STRipy is an application for detecting short tandem repeats (STRs) from Illumina short-read sequencing data. Whole genome, whole exome and targeted sequencing files are acceptable, as long as there is coverage on the targeted STR locus. STRipy is divided into two applications: 1) the Client which is the main graphical application an user interacts with, and 2) the Server where genotyping takes place. We have set up a public server that is running on Cloud which can be used by all users. Therefore, one does not need to set up a server and can use the Cloud for easy genotyping.

STRipy's Client can be downloaded as a stand-alone application from this webpage or you can run the app from the source code (gitlab.com/andreassh/stripy-client). In order to run your own server, download STRipy's Server and follow the directions at its repository (gitlab.com/andreassh/stripy-server). STRipy can run under macOS, Linux and Windows 10/11 through WSL. Please see the documentation page for installation and set-up instructions.

STRipy uses ExpansionHunter (Dolzhenko, et al., 2017) to determine genotypes and REViewer (Dolzhenko, et al., 2021) for visualizing read alignments. From a sequencing file, STRipy extracts out a small fraction of reads that are relevant to the targeted locus and coordinates of mis-mapped reads (if they exist). The output data is then sent to the Server (either Cloud or a local computer/internal network). For privacy purposes, the file name of your sample will be anonymized before sending it to the Cloud and all files analysed on Cloud will be deleted immediately after genotyping. No information about users or samples will be stored. The file will be genotyped by the latest version of ExpansionHunter followed by creating read alignments with REViewer.

Then, results are extracted out from these files, colourised according to the repeat ranges reported in the literature. Please see the documentation page that describes the colour scheme. Finally, a PDF report is created – all of which are returned to the user. You can configure STRipy by clicking on the button on the bottom right corner in the app.
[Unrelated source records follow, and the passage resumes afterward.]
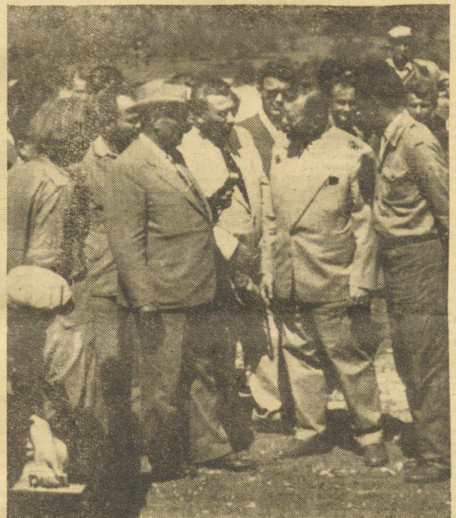
Tovariš Tito se je zanimal kako napredujejo dela.
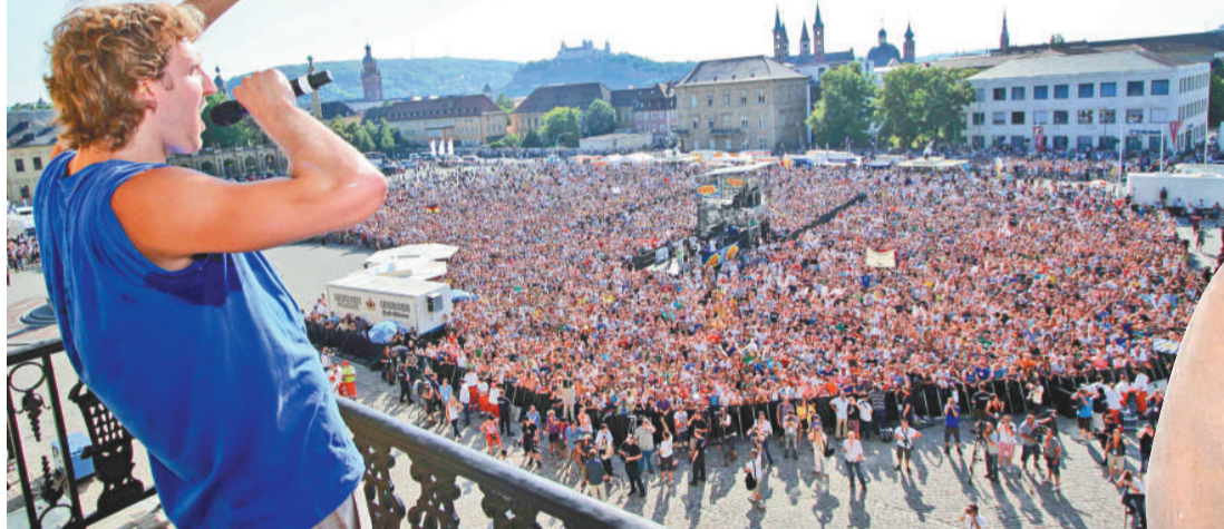
▼魯域斯基（左）面對熱情的家鄉球迷，表現得相當激動

魯域斯基是首名高舉NBA總冠軍的德國球員，爭冠過程中的超卓演出，更為他贏得總決賽最有價值球員（MVP）的榮譽。魯域斯基周二返回家鄉維爾茨堡，便獲得球迷持續不斷的「MVP」喝采聲，他之後到當地的體育館，與全場爆滿的3000名球迷會面。
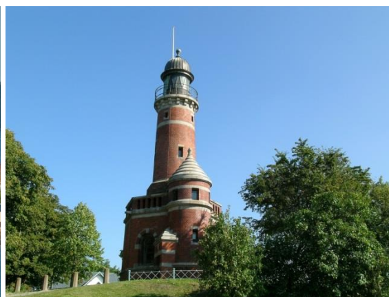
Kiel-Holtenau ist der Ausgangspunkt unserer Reise. Links die Schleuse des Nord-Ostsee-Kanals, rechts der Leuchtturm beim Liegeplatz
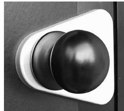
montaggio con utilizzo dei fori 'C'

In caso di fissaggio contrapposto (esterno-interno dell'infisso) è possibile utilizzare le viti passanti in dotazione inserendole in due fori dell'Isola a piacimento e abbinandole alle viti autofilettanti per ottenere un bloccaggio perfetto.
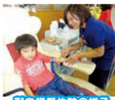
献血模擬体験の様子。 少し緊張気味?
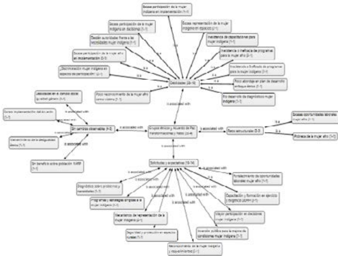
Figura 3. Red semántica o de significados: Grupos étnicos y Acuerdo de paz. Transformaciones y retos

Si, si lo hemos sentido, porque la víctima o sea para mí, es como que nos rechazan todos, no hay nada de acuerdo con uno, como que lo rechazan a uno... tristemente. (P002-MG-54)
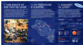
Exposition collective "Vers un Parlement de Loire"

Conçue et produite par le POLAU-pôle arts et urbanisme avec les contributions des membres du collectif l'exposition « Vers un parlement de Loire » met en récit la démarche. Elle est un support de médiation qui retrace la genèse du parlement de Loire pour faciliter la compréhension globale d'une démarche qui évolue au fil de l'eau avec des images, des textes et des renvois vers des œuvres sonores. Ses huit tables présentent les intentions, les inspirations (les luttes, droit de la nature...), les diverses actions qui se sont déroulées depuis 2019, les axes de poursuite et le Manifeste de Loire.
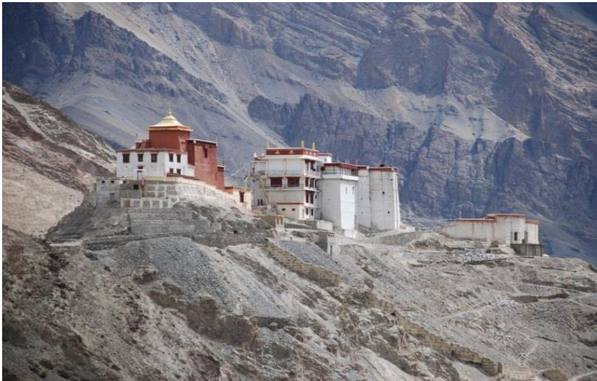
Klöster hoch über Tingmosgang

Funktioniert das Handy ist telefonieren sehr günstig, selbst ein Gespräch nach Deutschland kostet nur circa 15 Cent/Minute. Bei den meisten Geräten wird nach dem Gespräch angezeigt was es gekostet hat. Man kann also auch Gastgeber oder Lehrer fragen und ihnen anschließend die Kosten erstatten.

STRs database and population-wide data

STRs database has been compiled by using data obtained from the literature. All reference coordinates has been manually confirmed and presented in 0-based coordinate system. We use repeat ranges derived from the literature for colouring alleles, but it is important to note that STRs are highly complex and these ranges are only indicative, not definite (e.g. pathogenic range might vary between populations, interruptions can affect the pathogenicity, and so on). Population data was obtained by genotyping over two and half thousand whole genome samples in the DRAGEN reanalysis of the 1000 Genomes Project dataset (1kGP-DRAGEN). We used the ExpansionHunter with our own created catalogue to genotype all samples. Replaced and nested types of repeats were genotyped separately by using ExpansionHunter's algorithm only for spanning reads and specifically counting the pathogenic repeat unit. Alleles which were supported by less than 5 spanning reads or less than 50 flanking and in-repeat reads combined were filtered out. This dataset contains phenotypically healthy individuals at the time of genome sequencing, however, some of them could have disease-causing genetic mutations which may manifest at later age.
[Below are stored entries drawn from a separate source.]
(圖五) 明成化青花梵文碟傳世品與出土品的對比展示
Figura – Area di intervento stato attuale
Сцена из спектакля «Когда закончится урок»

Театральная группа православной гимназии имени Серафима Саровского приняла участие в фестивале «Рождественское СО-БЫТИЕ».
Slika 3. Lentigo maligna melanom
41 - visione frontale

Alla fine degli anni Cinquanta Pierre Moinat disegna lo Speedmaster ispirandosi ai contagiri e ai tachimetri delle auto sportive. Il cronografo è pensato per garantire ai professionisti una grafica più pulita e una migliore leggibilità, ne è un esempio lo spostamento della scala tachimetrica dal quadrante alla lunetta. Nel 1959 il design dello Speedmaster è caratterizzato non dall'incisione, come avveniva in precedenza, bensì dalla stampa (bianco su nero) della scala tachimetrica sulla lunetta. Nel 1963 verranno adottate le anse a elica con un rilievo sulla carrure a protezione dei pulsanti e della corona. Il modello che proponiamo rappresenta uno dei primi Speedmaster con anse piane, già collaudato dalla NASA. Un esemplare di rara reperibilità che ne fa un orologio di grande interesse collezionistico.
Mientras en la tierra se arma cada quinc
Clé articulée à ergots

In the database we have defined repeat types as follows:

  • Standard: repeats where one specific motif (for example, CAG or CCG) is in healthy individuals and its expansion becomes pathogenic at larger numbers of repeats.
  • Imperfect GCN: repeats which encodes for the amino acid alanine, but the sequence can be composed of different, but synonymous, repeat units – either GCA, GCG, GCC or GCT.
  • Replaced/Nested: repeats where the pathogenic motif is not present in the reference genome and mainly not found in healthy individuals. CANVAS is the only example of replaced type repeats, where a stretch made of AAAAG repeats is replaced with a sequence composed of another motif (AAGGG). All the other diseases in this group are caused by nested type of repeats where a stretch made of the pathogenic motif (such as TTTCA) is inserted between or next to the non-pathogenic endogenous repeats (such as TTTTA).

Validation of loci

We validated a locus in each gene by simulating heterozygous as well as homozygous samples where alleles ranged from 60 bp to over 2 kp, using over 60 thousand samples. We simulated 150 bp reads and 450 bp fragments (50 bp SD) and calculated Root Mean Square Error (RMSE) as a measure of accuracy for samples whose long allele was either in one of these three regions: (A) up to read length, (B) from read length to fragment length and (C) over the fragment length. Additionally, we used STRipy on true-positive whole genome samples to confirm its use on real biological samples. STRipy determined an allele to be in the pathogenic range for eight out of nine affected individuals.

ExpansionHunter's catalogue creator and results analyser

We have created an ExpansionHunter's catalogue creator which uses our defined loci and enables to create a variant catalogue for ExpansionHunter for various genomes in an easy way, just by selecting the loci you want to target. For each locus, we simulated long alleles and determined the most likely mis-mapped locations of fully repeated reads in the genome. These coordinates were defined as off-target regions to enable genotyping alleles longer than the fragment length. However, it is important to note that one should be cautious when using ExpansionHunter with off-target regions on real-life samples as this could lead to overestimating long alleles when there are fully repeated reads present on the off-target locus which are not originated from the targeted STR locus. You might want to double-check a sample with STRipy that uses stricter rules for fully repeated reads to avoid overestimation.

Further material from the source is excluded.